Graduate Research Assistantship positions for M.S. and Ph.D. students
are available in the areas of parallel and multicore algorithms,
high-performance computing, computational science and engineering,
large-scale optimization problems, and in application area of
computational biology and genomics. Several current projects are
described below. Additional new projects are anticipated by the next
Fall semester. Each research assistant will receive a competitive
stipend plus paid tuition.
Applicants should complete an official application for graduate
studies in either the "Computational Science and Engineering (Computer Science)" or the "Computer Science" graduate programs at Georgia Tech,
and select the Computational Science and Engineering track. APPLICATION DEADLINE: December 15.
The Georgia Tech graduate application is available
online at http://www.gradadmiss.gatech.edu/
On Page 1, question 14 (Program of Study), of the online application,
select "GT-Atlanta" for the planned campus and either "Computational Science and Engineering (Computer Science)" or "Computer Science"
for Graduate Major.
One Page 4 (Georgia Tech department specific application page), question 1, select "Computational Science and Engineering" as your first choice area of interest.

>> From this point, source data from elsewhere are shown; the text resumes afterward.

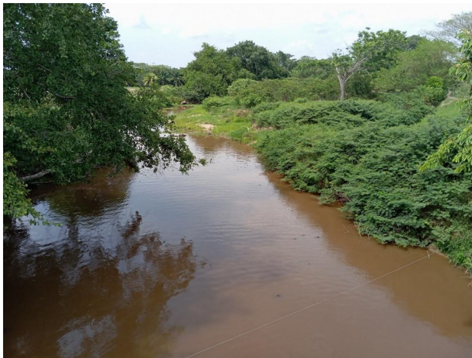
Fotografía 5. Caimanes en la quebrada.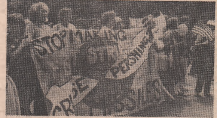
Mii de persoane au demonstrat în fața depozitului de muniții Seneca din New York împotriva dezvoltării arsenalului nuclear al S.U.A., pentru dezarmare și pace

LONDRA 22 (Agerpres). — Suite de persoane au participat la o demonstrație organizată în zona bazei americane de la Holy Loch (Scotia) în semn de protest față de prezența submarinului „Polaris” dotat cu rachete nucleare — informează agenția Associated Press.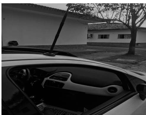
Figura 1. Antena e veículo utilizado na varredura.

Os equipamentos utilizados foram: um automóvel (figura 1), uma antena externa acoplada a ele (figura 1), um telefone celular da marca LG com Sistema Operacional Android , um notebook Lenovo com dual boot dos Sistemas Operacionais Windows 10 e o Ubuntu 17.10 . Foi utilizado o software Aircrack-NG [aircrack-ng.org] no sistema Ubuntu (figura 2) e o aplicativo WiGLE-Wifi [wigle.net] no aparelho celular.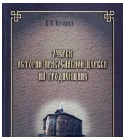
«Очерки истории Православной Церкви на Гродненщине»

Еще одним ценным источником информации данного ученого являются «Очерки истории Православной Церкви на Гродненщине: с древнейших времен до наших дней». Монография. Часть 2. 2005 г. Данная книга является продолжением одноименной монографии, вышедшей в свет в 2000 г. Она состоит из серии очерков, посвященных истории Православия в Принеманском крае кон. XIX – сер. XX в. В ней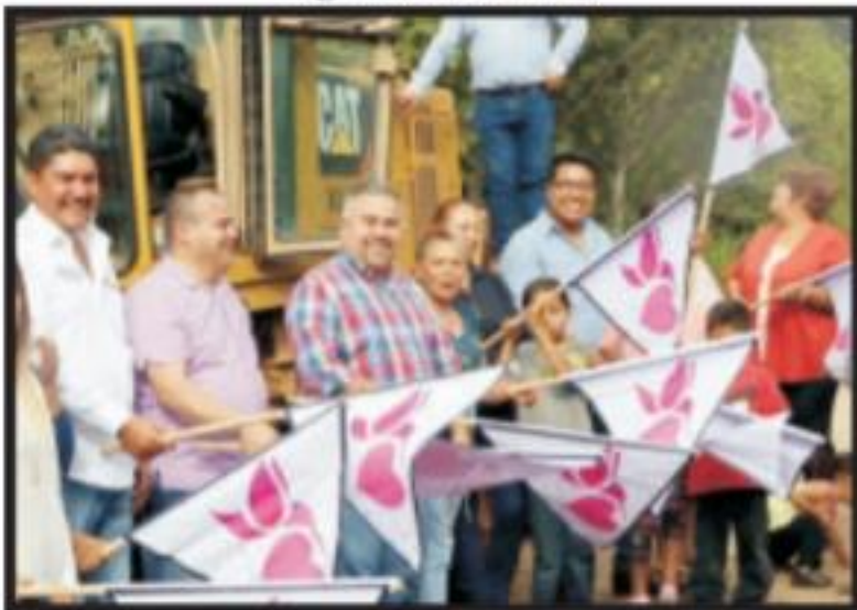
Página 7 Sección B

In your statement on Page 4, please include this sentence:
"I wish to be considered for a Graduate Research Assistantship
under the direction of Professor David A. Bader."
Please email Prof. David A. Bader (
)
with your
First and Last name once you have submitted your online
application and received an Order ID.
PROJECT 1: Design and optimizing of multicore parallel algorithms
using the IBM-Sony-Toshiba CELL Processor
(Funded by IBM Research and Sony Corp.)
IBM, Sony, and Toshiba, have designed a new heterogeneous multicore
processor called "CELL" that is used in the Sony PlayStation 3 and
in IBM BladeServers. Georgia Tech is one of the first universities
in the world with Cell processors, in a shared research project
with IBM: an IBM BladeCenter with 4 Cell processors, each a 3.2GHz
processor with 1 GB RAM, running Linux. The challenge for Cell is
parallel programming of the main processor and its 8 synergistic
co-processors. In this project, we are challenged with designing
multicore parallel algorithms for optimized open source libraries
that run on Cell, such as FFT (www.fftw.org), ZLIB, and MPEG-2. A
Cell simulator, SDK, and example codes, are available from IBM
AlphaWorks. Students on the project will have access to the Cell
chip designers, performance engineers, and application developers,
at IBM, Sony, and Toshiba!
PROJECT 2: Design Efficient Parallel Algorithms for Multi-Core Processors
(Funded by Microsoft Research)
Since the inception of the desktop computer, performance of
software has improved at an exponential rate, primarily driven by
the steady technological improvements of microprocessors. Due to
fundamental physical limitations and power constraints, we are now
witnessing a radical change in commodity microprocessor
architecture, to multi-core designs. Continued performance now
requires the exploitation of concurrency at the algorithmic
level. We propose to design a parallel programming methodology for
client systems with commodity multi-core processors by providing a
productive, easy-to-use portable library package called SWARM
(SoftWare and Algorithms for Running on Multicore). In this
project, we will design and optimize a portable and efficient
library of basic primitives that fully exploit multi-core
processors.
Graph abstractions are used in many computationally challenging
science and engineering problems; for instance, in VLSI layout,
data mining, wireless communication and distributed networks,
clustering in semantic webs, recent problems in biology and
medicine such as cancer detection, medical imaging, protein
function determination, and national security and bioterrorism such
as detecting the spread of toxins through populations in the case
of biological/chemical warfare. These graphs may contain billions
of vertices with degrees ranging from small constants to thousands.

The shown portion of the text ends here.